Происхождение мастера - Андрей Платонов 4 стр.


Саша не поднимался из травы до самого звона к вечерне, до длинных грустных теней. Окна в избе заперли и завесили. Бабка вынесла на двор лоханку и выплеснула что-то под плетень. Туда побежала собака и съела все, кроме жидкости. Прошка давно не выходил, хотя он был дома. Другие дети гоняли где-то по чужим дворам. Саша боялся подниматься и идти в избу не вовремя. Тени трав сплотились, легкий низовой ветер, дувший весь день, остановился; бабка вышла в повязанном платке, помолилась с крыльца на темный восток и ушла. Наступила покойная ночь. Сверчок в завалинке попробовал голос и потом надолго запел, обволакивая своею песнью двор, травы и отдаленную изгородь в одну детскую родину, где лучше всего жить на свете. Саша смотрел на измененные тьмою, но еще больше знакомые постройки, плетни, оглобли заросших саней, и ему было жалко их, что они такие же, как он, а молчат, не двигаются и когда-нибудь навсегда умрут.

Саша думал, что если он уйдет отсюда, то без него всему двору станет еще более скучно жить на одном месте и Саша радовался, что он здесь нужен.

В избе зарыдал новый младенец, заглушая своим голосом, не похожим ни на какое слово, устоявшуюся песню сверчка. Сверчок смолк, тоже, наверное, слушая пугающий крик. Наружу вышел Прошка с мешком Саши, с каким сироту посылали осенью побираться, и с шапкой Прохора Абрамовича.

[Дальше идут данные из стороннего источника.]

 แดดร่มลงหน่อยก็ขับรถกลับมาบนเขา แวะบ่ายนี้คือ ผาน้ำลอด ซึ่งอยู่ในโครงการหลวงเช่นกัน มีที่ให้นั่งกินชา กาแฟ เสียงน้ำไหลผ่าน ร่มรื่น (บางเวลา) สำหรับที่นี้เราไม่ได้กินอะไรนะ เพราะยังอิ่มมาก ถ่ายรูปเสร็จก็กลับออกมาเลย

- Сашка! - прокричал Прошка в ночной задыхающийся воздух. - Беги сюда скорей, дармоед!

Саша был около.

- Чего тебе?

- На, держи, тебе отец шапку подарил. А вот тебе мешок - ходи и не сымай, что наберешь - сам ешь, нам не носи.

Саша взял шапку и мешок.

- А вы тут одни жить останетесь? - спросил Саша, не веря, что его здесь перестали любить.

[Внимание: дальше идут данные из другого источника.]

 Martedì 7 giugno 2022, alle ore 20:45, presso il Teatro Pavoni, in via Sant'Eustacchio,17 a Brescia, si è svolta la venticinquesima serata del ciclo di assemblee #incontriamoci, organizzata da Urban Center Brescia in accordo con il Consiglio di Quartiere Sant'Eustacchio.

- А то нет? Знамо, одни! - сказал Прошка. - Опять нахлебник у нас родился, кабы не он, ты бы задаром жил! А теперь ты нам никак не нужен - ты одна обуза, мамка ведь тебя не рожала, ты сам родился...

Саша пошел за калитку. Прошка постоял один и вышел за ворота - напомнить, чтобы сирота больше не возвращался. Сирота никуда еще не ушел - он смотрел на маленький огонь на ветряной мельнице.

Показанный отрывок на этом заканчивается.